▶ _Supplied information_:

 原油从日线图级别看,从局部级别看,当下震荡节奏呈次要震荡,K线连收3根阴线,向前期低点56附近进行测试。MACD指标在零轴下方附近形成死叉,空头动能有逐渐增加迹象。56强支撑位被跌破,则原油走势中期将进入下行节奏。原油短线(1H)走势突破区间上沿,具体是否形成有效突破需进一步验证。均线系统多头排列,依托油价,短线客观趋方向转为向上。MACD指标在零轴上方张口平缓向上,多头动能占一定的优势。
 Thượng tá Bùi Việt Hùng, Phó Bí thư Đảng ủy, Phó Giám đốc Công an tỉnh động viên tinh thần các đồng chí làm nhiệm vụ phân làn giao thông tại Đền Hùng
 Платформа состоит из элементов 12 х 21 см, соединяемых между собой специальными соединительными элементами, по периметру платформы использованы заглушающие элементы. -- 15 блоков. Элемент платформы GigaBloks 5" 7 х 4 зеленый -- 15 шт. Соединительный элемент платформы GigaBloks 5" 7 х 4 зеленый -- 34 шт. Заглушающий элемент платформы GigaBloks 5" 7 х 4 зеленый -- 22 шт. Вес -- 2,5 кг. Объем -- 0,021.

==

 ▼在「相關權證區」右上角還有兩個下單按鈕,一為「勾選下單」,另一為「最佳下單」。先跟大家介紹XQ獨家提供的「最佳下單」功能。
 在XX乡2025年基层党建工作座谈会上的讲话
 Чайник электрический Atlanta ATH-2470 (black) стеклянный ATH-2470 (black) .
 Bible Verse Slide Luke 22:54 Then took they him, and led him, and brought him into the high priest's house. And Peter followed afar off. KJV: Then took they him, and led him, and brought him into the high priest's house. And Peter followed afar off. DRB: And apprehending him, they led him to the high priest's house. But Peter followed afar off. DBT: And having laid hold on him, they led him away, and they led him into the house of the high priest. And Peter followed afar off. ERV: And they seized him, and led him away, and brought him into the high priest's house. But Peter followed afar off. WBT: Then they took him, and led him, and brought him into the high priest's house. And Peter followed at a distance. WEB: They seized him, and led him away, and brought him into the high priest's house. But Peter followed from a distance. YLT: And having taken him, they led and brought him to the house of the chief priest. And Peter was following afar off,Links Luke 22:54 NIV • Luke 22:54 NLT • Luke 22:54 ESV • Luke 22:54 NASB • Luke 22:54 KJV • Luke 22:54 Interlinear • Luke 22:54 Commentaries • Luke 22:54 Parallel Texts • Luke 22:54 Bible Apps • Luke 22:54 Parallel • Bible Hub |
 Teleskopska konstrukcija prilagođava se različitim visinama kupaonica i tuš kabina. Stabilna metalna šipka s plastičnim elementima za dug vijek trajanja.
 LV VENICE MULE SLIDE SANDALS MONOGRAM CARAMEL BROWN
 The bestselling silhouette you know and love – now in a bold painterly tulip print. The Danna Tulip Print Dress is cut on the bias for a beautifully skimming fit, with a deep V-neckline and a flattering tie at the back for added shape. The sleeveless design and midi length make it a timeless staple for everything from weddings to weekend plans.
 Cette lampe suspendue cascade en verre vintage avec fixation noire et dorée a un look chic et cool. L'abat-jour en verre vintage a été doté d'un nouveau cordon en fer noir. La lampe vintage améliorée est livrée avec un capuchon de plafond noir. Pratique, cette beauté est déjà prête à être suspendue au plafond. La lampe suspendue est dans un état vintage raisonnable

▶ _What is expected_:
Proceeding from the line containing "Bible Verse Slide" through the line containing "LV VENICE MULE", transcribe the lines above exactly, both end lines included.

▶ _Answer to the exercise_:
 Bible Verse Slide Luke 22:54 Then took they him, and led him, and brought him into the high priest's house. And Peter followed afar off. KJV: Then took they him, and led him, and brought him into the high priest's house. And Peter followed afar off. DRB: And apprehending him, they led him to the high priest's house. But Peter followed afar off. DBT: And having laid hold on him, they led him away, and they led him into the house of the high priest. And Peter followed afar off. ERV: And they seized him, and led him away, and brought him into the high priest's house. But Peter followed afar off. WBT: Then they took him, and led him, and brought him into the high priest's house. And Peter followed at a distance. WEB: They seized him, and led him away, and brought him into the high priest's house. But Peter followed from a distance. YLT: And having taken him, they led and brought him to the house of the chief priest. And Peter was following afar off,Links Luke 22:54 NIV • Luke 22:54 NLT • Luke 22:54 ESV • Luke 22:54 NASB • Luke 22:54 KJV • Luke 22:54 Interlinear • Luke 22:54 Commentaries • Luke 22:54 Parallel Texts • Luke 22:54 Bible Apps • Luke 22:54 Parallel • Bible Hub |
 Teleskopska konstrukcija prilagođava se različitim visinama kupaonica i tuš kabina. Stabilna metalna šipka s plastičnim elementima za dug vijek trajanja.
 LV VENICE MULE SLIDE SANDALS MONOGRAM CARAMEL BROWN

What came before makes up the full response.